#### [TASK INSTRUCTIONS]
Set down, exactly as written, the line containing "Incorporer les raisins" and all the lines that follow it to the end of the entries below, omitting every picture.

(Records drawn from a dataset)

'''

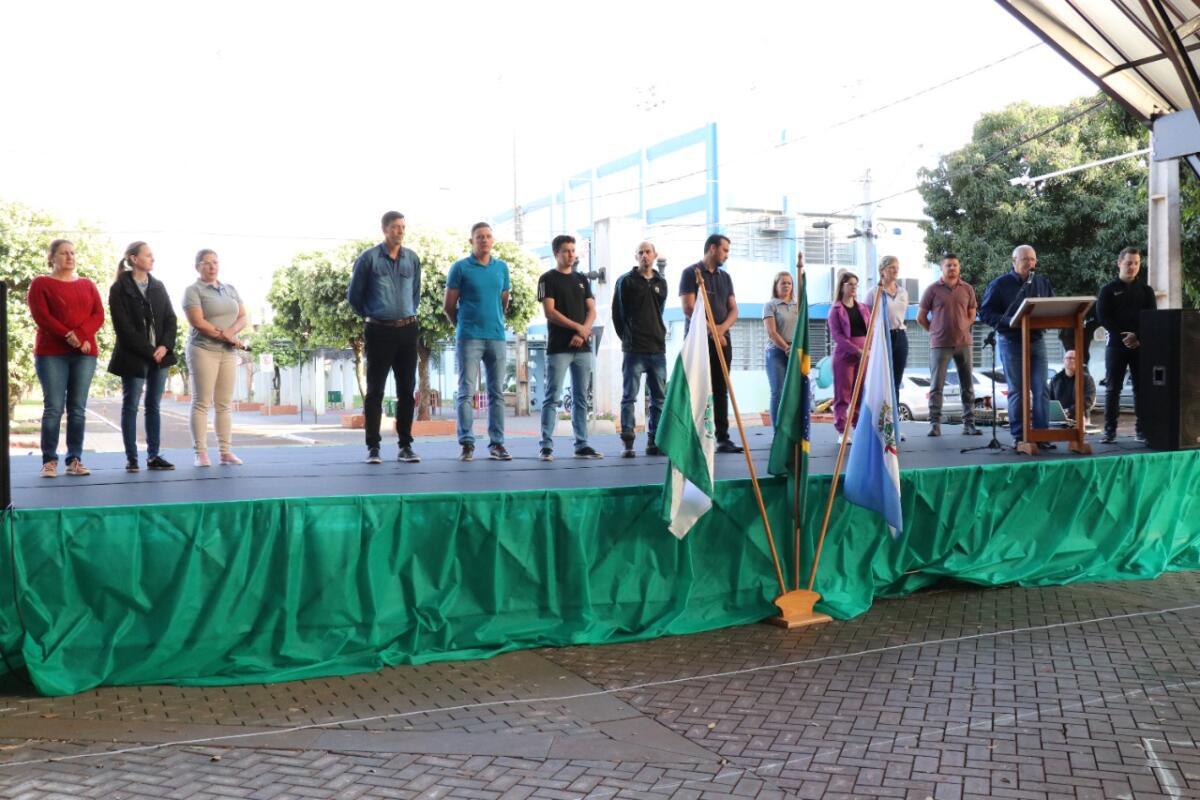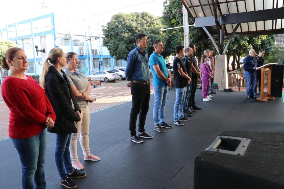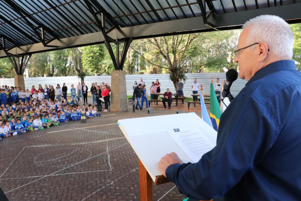 Prefeito Leomar Rohden, o Mano, vice John Nodari, presidente da câmara de vereadores, Ademir Kochenborger, o Xaropinho, secretária de Educação e Cultura, Cristiane Bonatto, diretoras dos educandários, Carine Schmidtke e Nadir Thomas, pastor Delmar Kopsell, além dos demais secretários e vereadores, integraram a ocasião ao lado da comunidade escolar.
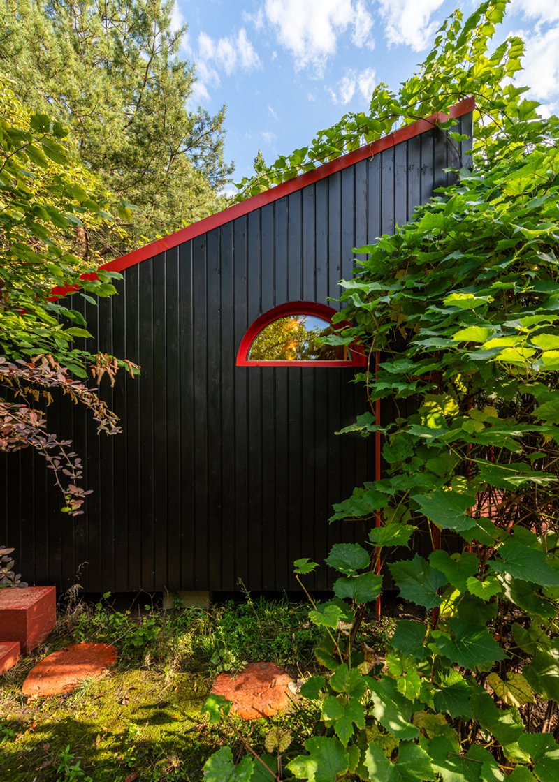 NOKE Architects, led by Karol Pasternak, Piotr Maciaszek, and Mateusz Jaworski, have masterfully captured the expressive personalities of Magda and Grzegorz in this project. What makes this house exceptional is its alignment with the broader trend of reclaiming urban allotment gardens as spaces for modern living. Once overlooked, these gardens are now seen as valuable green oases within the city. Magda and Grzegorz’s garden stands out with its custom-designed red gate adorned with the image of their beloved dog, Lusia. This gate is the only visible element from the alley, giving way to a hidden world of color and tranquility beyond.
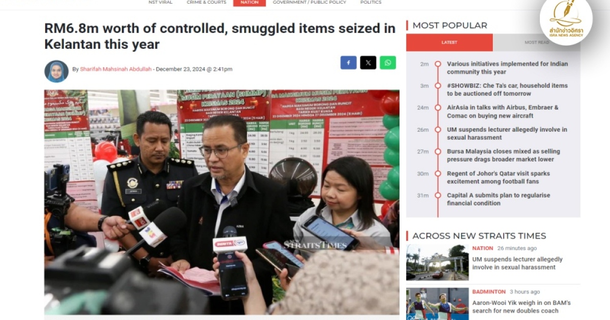 เรียบเรียงจาก:https://www.nst.com.my/news/nation/2024/12/1151983/rm68m-worth-controlled-smuggled-items-seized-kelantan-year
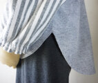 いつも感心するのは、どの作品もデザインが可愛く着こごち満点であり、襟ぐりの締め付け感は全くないのは言うまでもなく、襟まわりの開きの具合の可愛さ、上品さのバランスが絶妙に素晴らしいところです。仕立てに技ありですね!
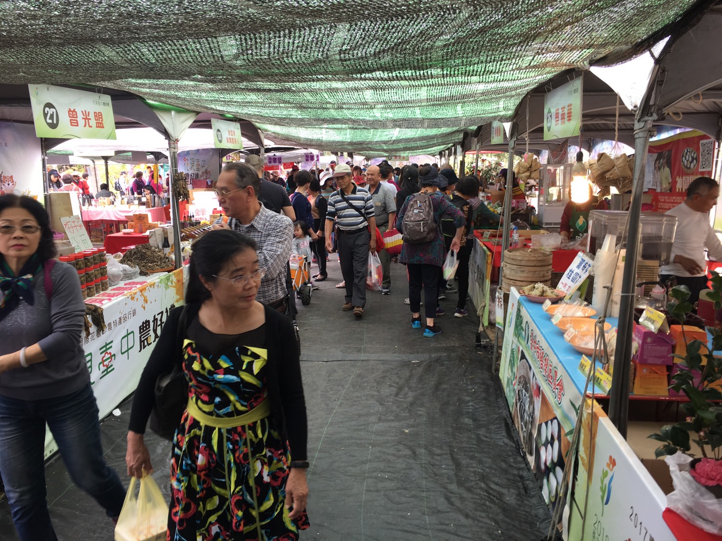 「花現台中農好禮」農特產品行銷區共108攤,結合台中各區的優質農特產品,讓參觀民眾可以方便品嚐最新鮮的在地農特產,現場只要消費滿300元,即可參與摸彩活動,有機會獲得住宿卷及優質的農特產品禮盒。
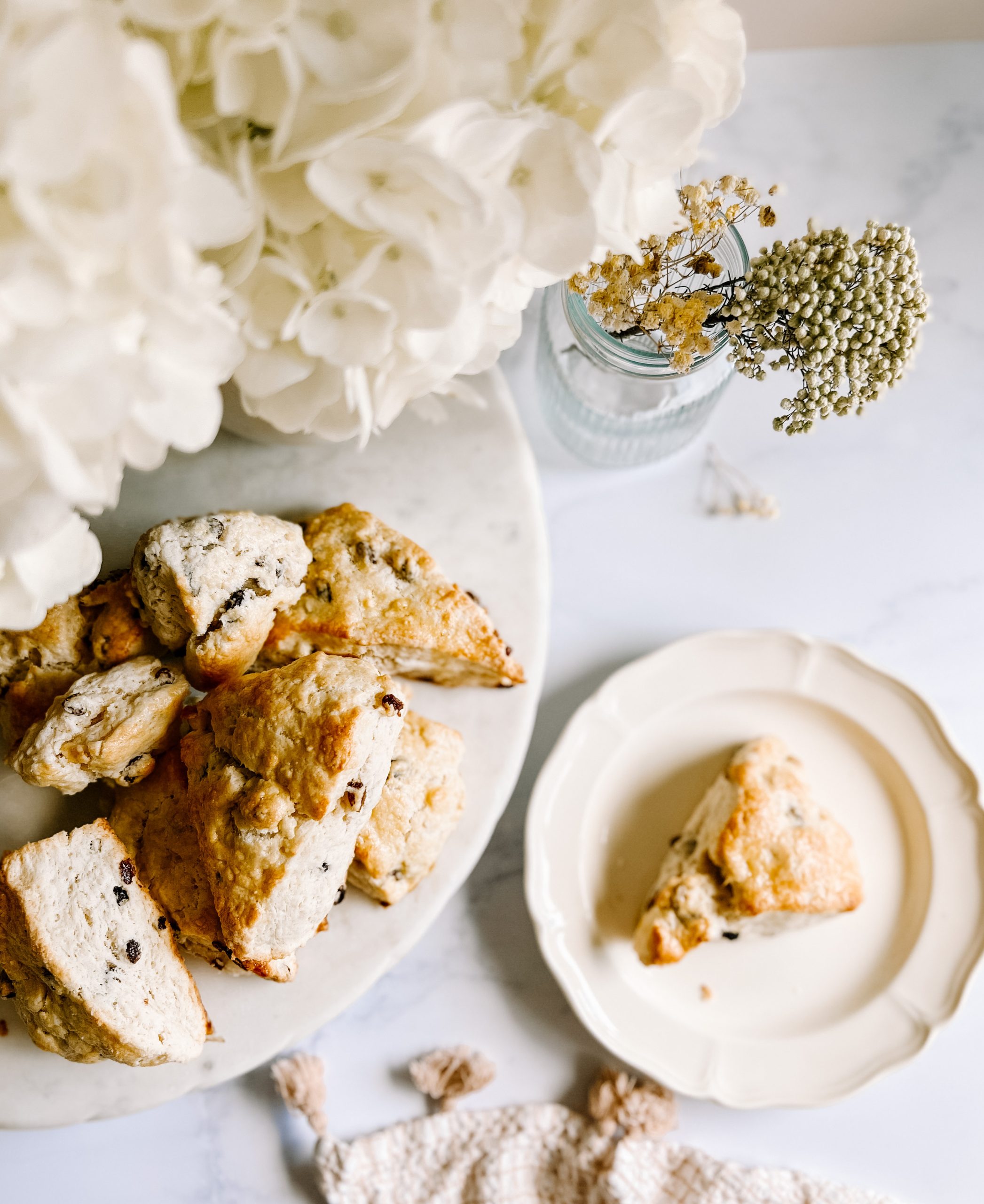 Incorporer les raisins secs ou les raisins de Corinthe et verser la crème. À l’aide d’une spatule, remuez jusqu’à ce que le mélange commence à se former. Avec vos mains, pressez les morceaux restants pour former une grande masse. Placez-la sur un plan de travail propre et formez un cercle, tout en la pressant pour obtenir une épaisseur d’environ ¾ de pouce. À l’aide d’un couteau bien aiguisé, coupez le cercle en 8 pointes égales.
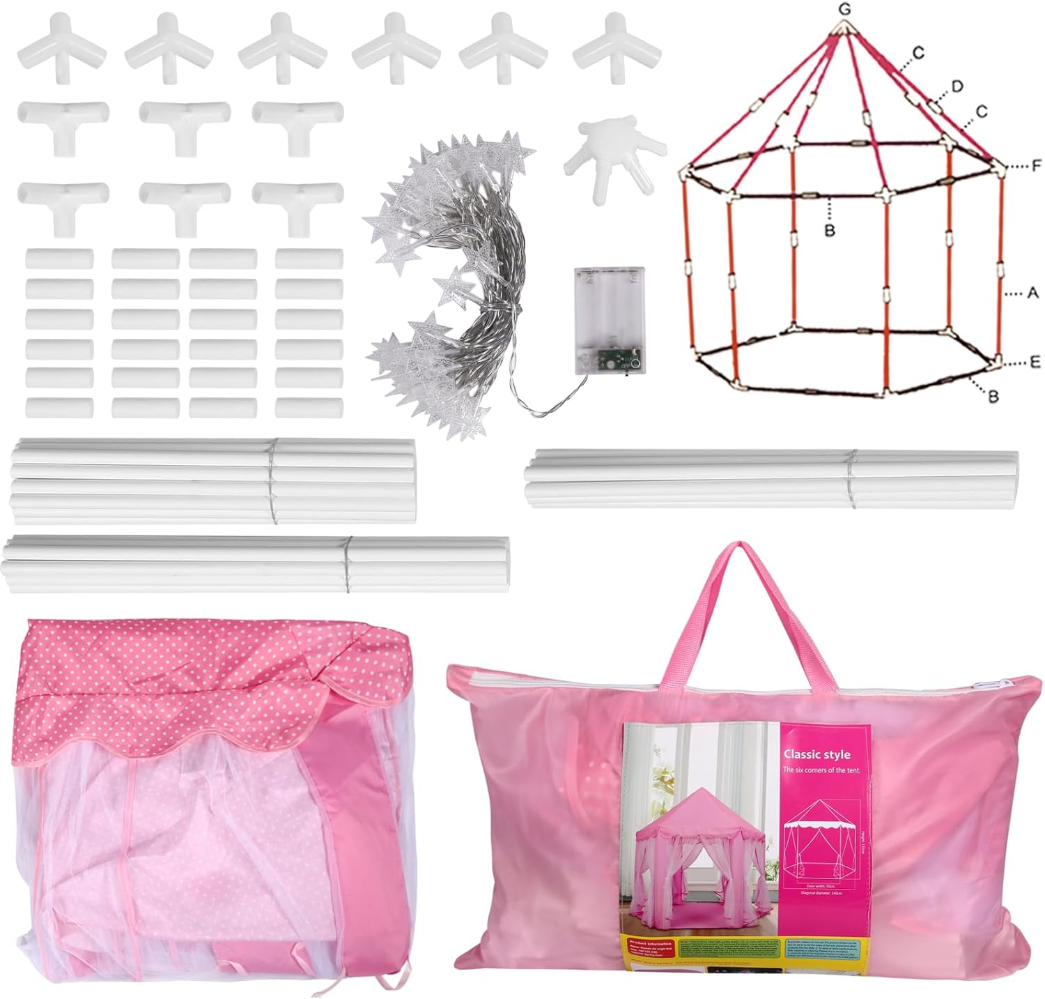 Princess Tent for Girls,Kids Castle Play Tent with LED Star Lights,Large Playhouse Girl Toy Gifts Age 3+,Indoor and Outdoor Games 55.5″x 53″(DxH)
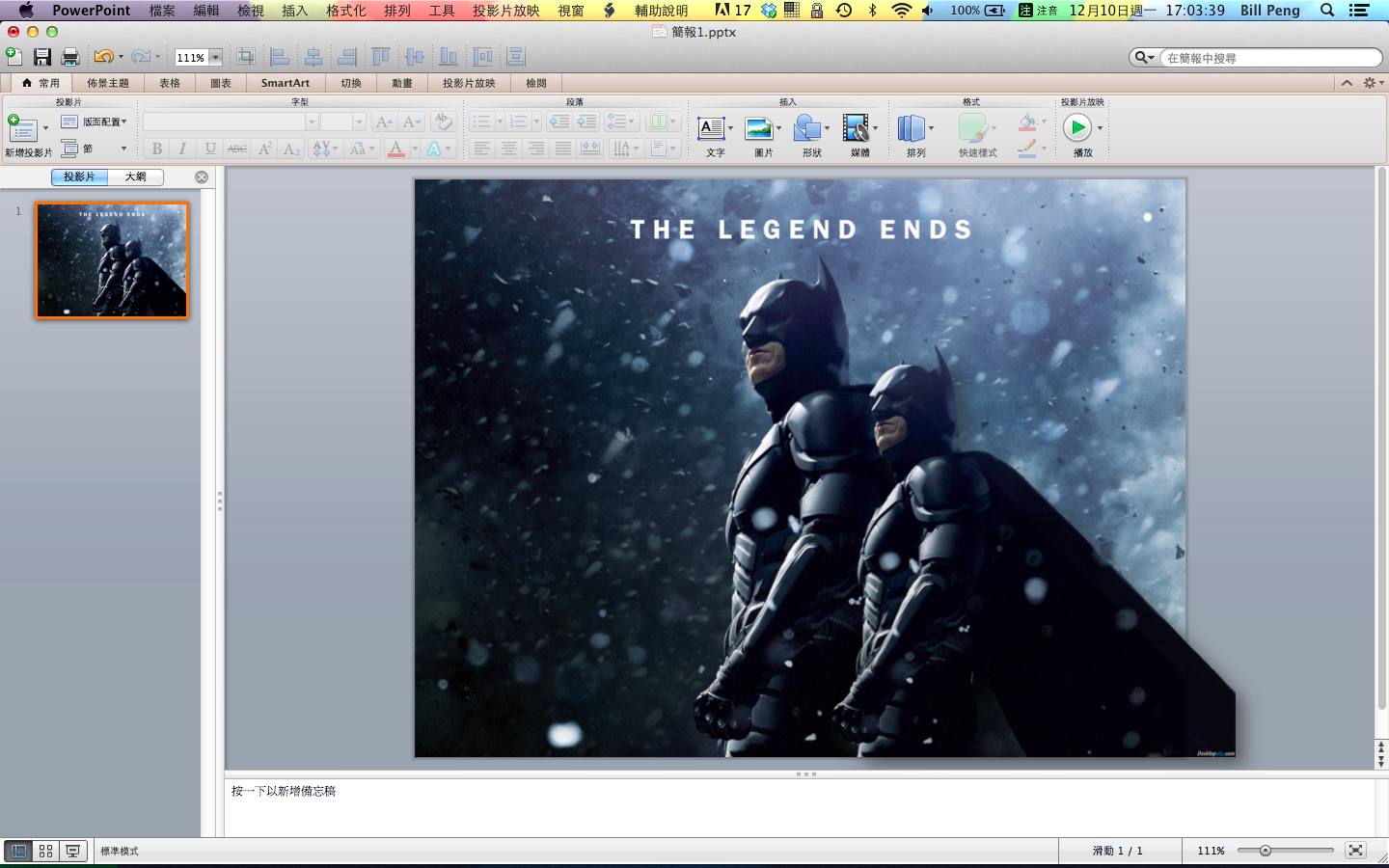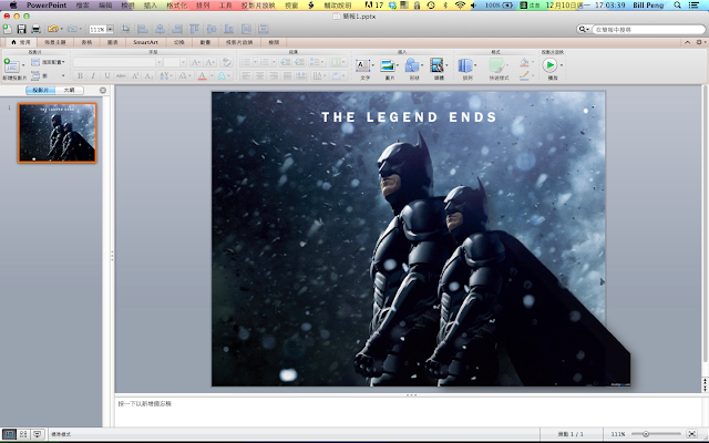 在Mac上的PowerPoint 2011也可用一樣的方法做到

'''

#### [OUTPUT OF THE TASK]
 Incorporer les raisins secs ou les raisins de Corinthe et verser la crème. À l’aide d’une spatule, remuez jusqu’à ce que le mélange commence à se former. Avec vos mains, pressez les morceaux restants pour former une grande masse. Placez-la sur un plan de travail propre et formez un cercle, tout en la pressant pour obtenir une épaisseur d’environ ¾ de pouce. À l’aide d’un couteau bien aiguisé, coupez le cercle en 8 pointes égales.
 Princess Tent for Girls,Kids Castle Play Tent with LED Star Lights,Large Playhouse Girl Toy Gifts Age 3+,Indoor and Outdoor Games 55.5″x 53″(DxH)
 在Mac上的PowerPoint 2011也可用一樣的方法做到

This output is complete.